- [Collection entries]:
━━━━━━━━━━━━━━━━━━━━
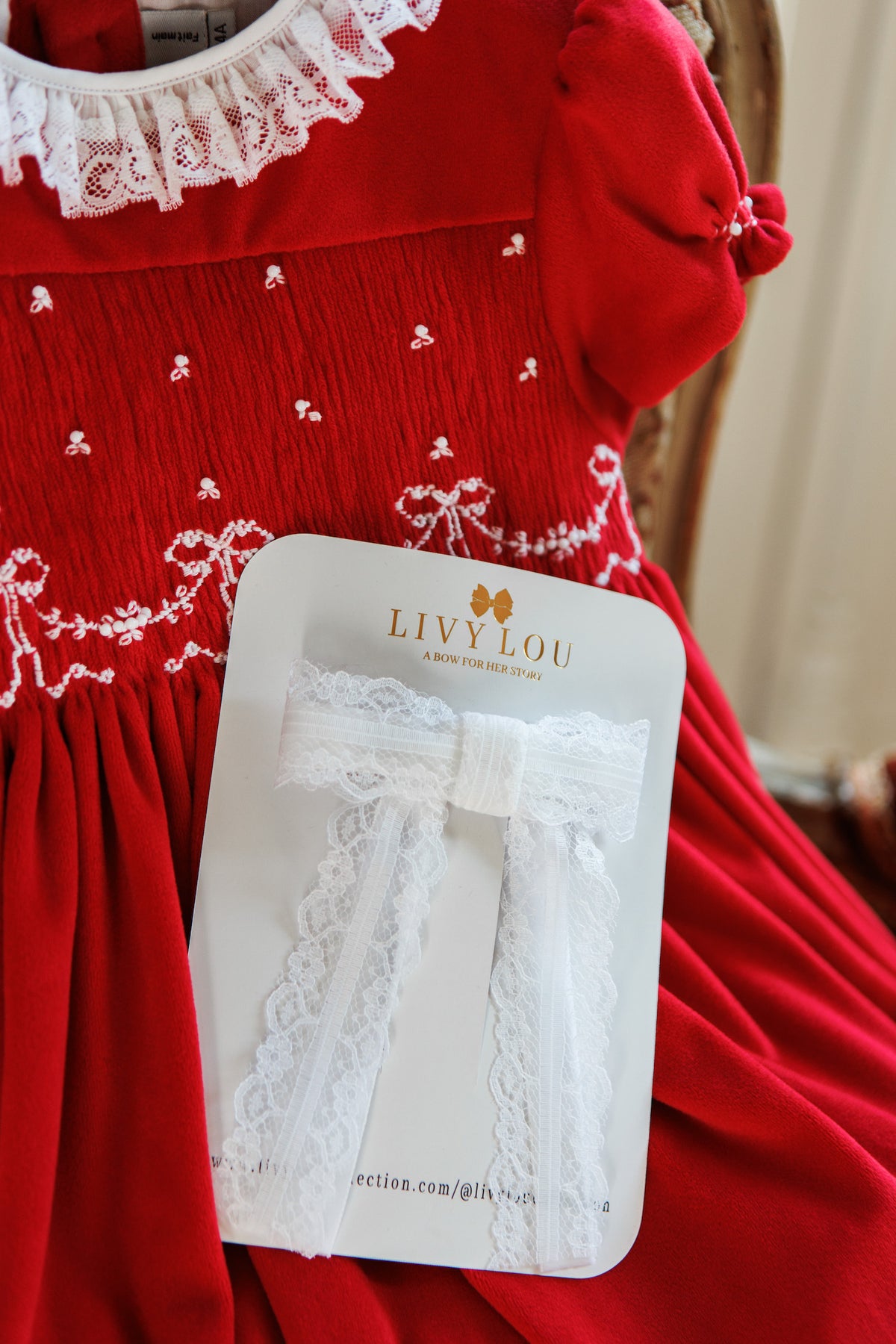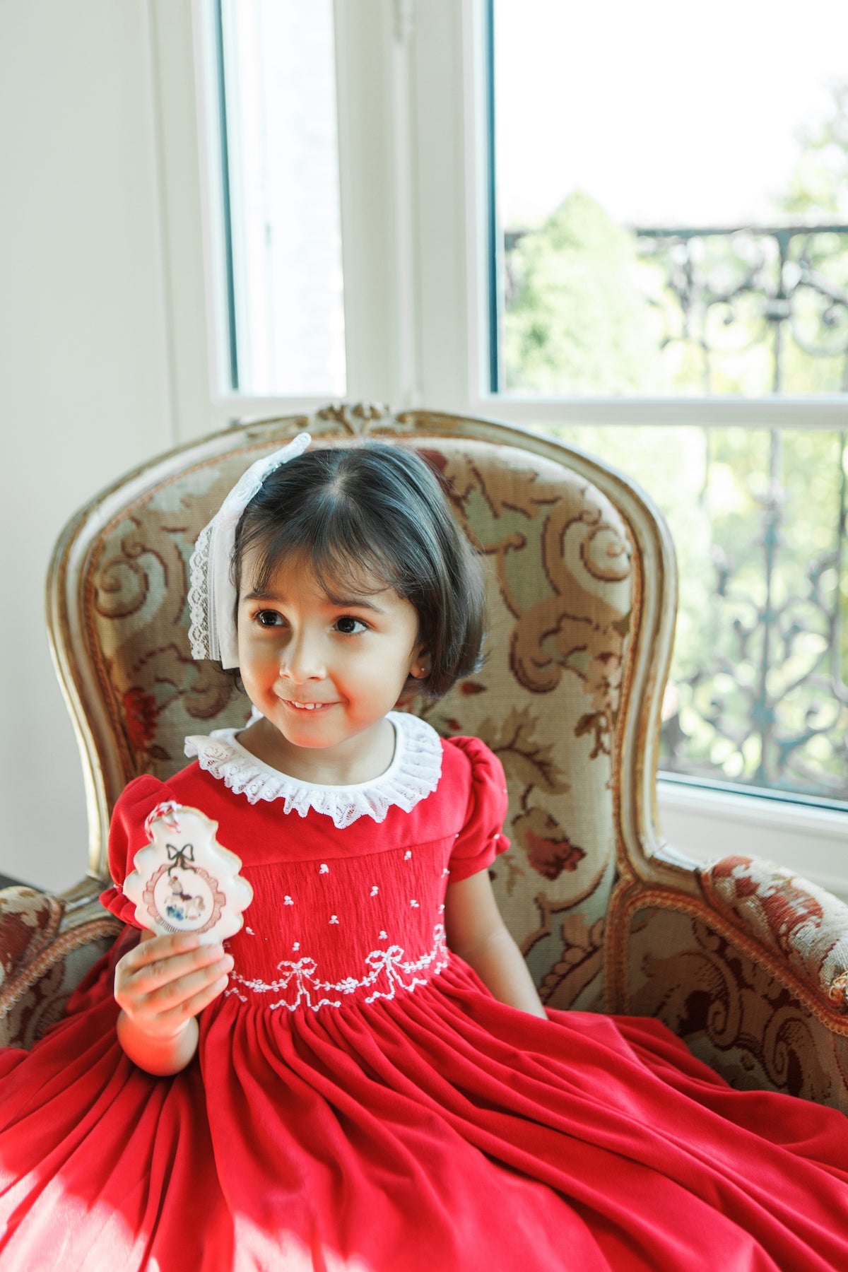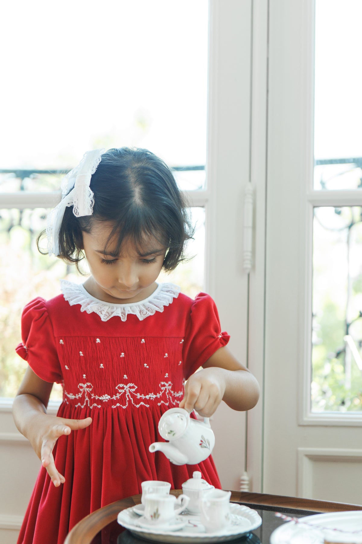 Cette ravissante robe de Noël incarne l'élégance intemporelle des boulevards parisiens pendant la période la plus magique de l'année. Confectionnée dans un somptueux velours rouge qui capte la lumière comme des rubis précieux, cette pièce présente un smocks raffiné orné de délicats nœuds blancs qui dansent sur le corsage comme des flocons de neige.
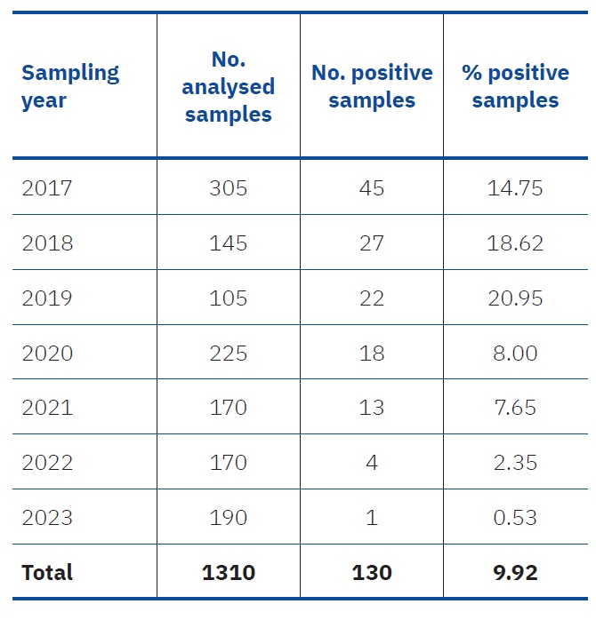 Table 1. Total number of analysed and positive samples of chicken meat for the presence of Salmonella spp. in eastern Croatia in the period from 2017 to 2023
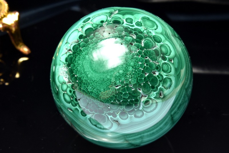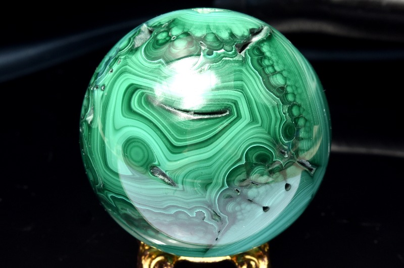 【1点物】高発色◇魔除け マラカイト孔雀石 41mm 丸玉(台座付き) スフィア _CG6430【宅急便のみ】
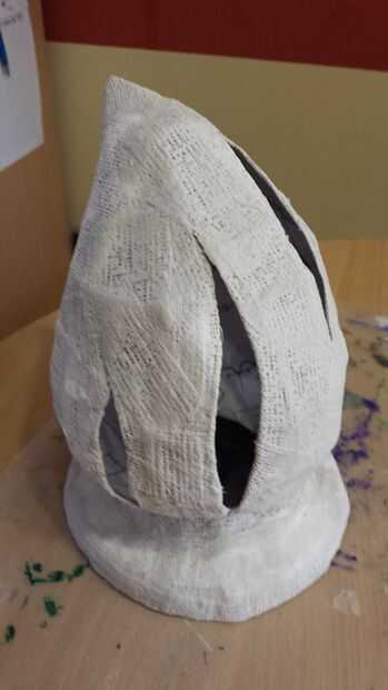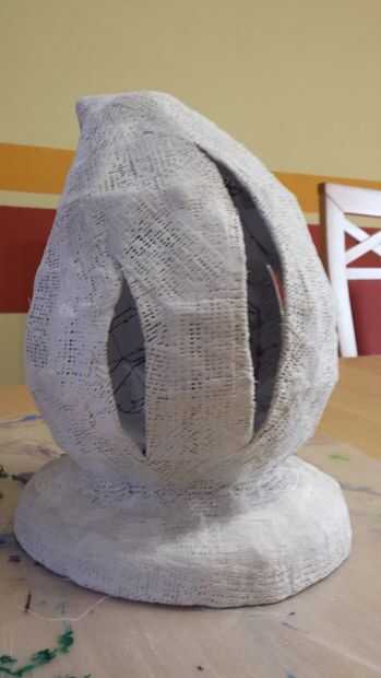 Luego le puse dos capas de vendas de yeso. Esto se convierte en una forma muy fuerte, pero aún frágil. Pero dado que casi cualquier lámpara es frágil, era lo suficientemente bueno.
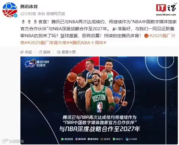 10 月 19 日消息,腾讯体育官宣与 NBA 再次达成续约,将继续作为“NBA 中国数字媒体独家官方合作伙伴”与 NBA 深度战略合作至 2027 年。
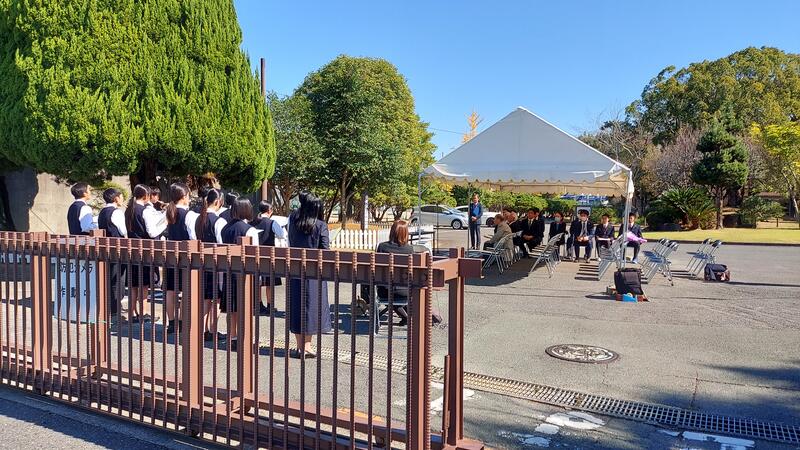 また、本校正門近くの殉難の碑前で慰霊祭が行われました。音楽専攻生のオープニングセレモニーに始まり、厳かな式が執り行われました。
━━━━━━━━━━━━━━━━━━━━
- [Your assignment]: Each record, word for word, should be printed again without its pictures.

- [Expected output]:
 Cette ravissante robe de Noël incarne l'élégance intemporelle des boulevards parisiens pendant la période la plus magique de l'année. Confectionnée dans un somptueux velours rouge qui capte la lumière comme des rubis précieux, cette pièce présente un smocks raffiné orné de délicats nœuds blancs qui dansent sur le corsage comme des flocons de neige.
 Table 1. Total number of analysed and positive samples of chicken meat for the presence of Salmonella spp. in eastern Croatia in the period from 2017 to 2023
 【1点物】高発色◇魔除け マラカイト孔雀石 41mm 丸玉(台座付き) スフィア _CG6430【宅急便のみ】
 Luego le puse dos capas de vendas de yeso. Esto se convierte en una forma muy fuerte, pero aún frágil. Pero dado que casi cualquier lámpara es frágil, era lo suficientemente bueno.
 10 月 19 日消息,腾讯体育官宣与 NBA 再次达成续约,将继续作为“NBA 中国数字媒体独家官方合作伙伴”与 NBA 深度战略合作至 2027 年。
 また、本校正門近くの殉難の碑前で慰霊祭が行われました。音楽専攻生のオープニングセレモニーに始まり、厳かな式が執り行われました。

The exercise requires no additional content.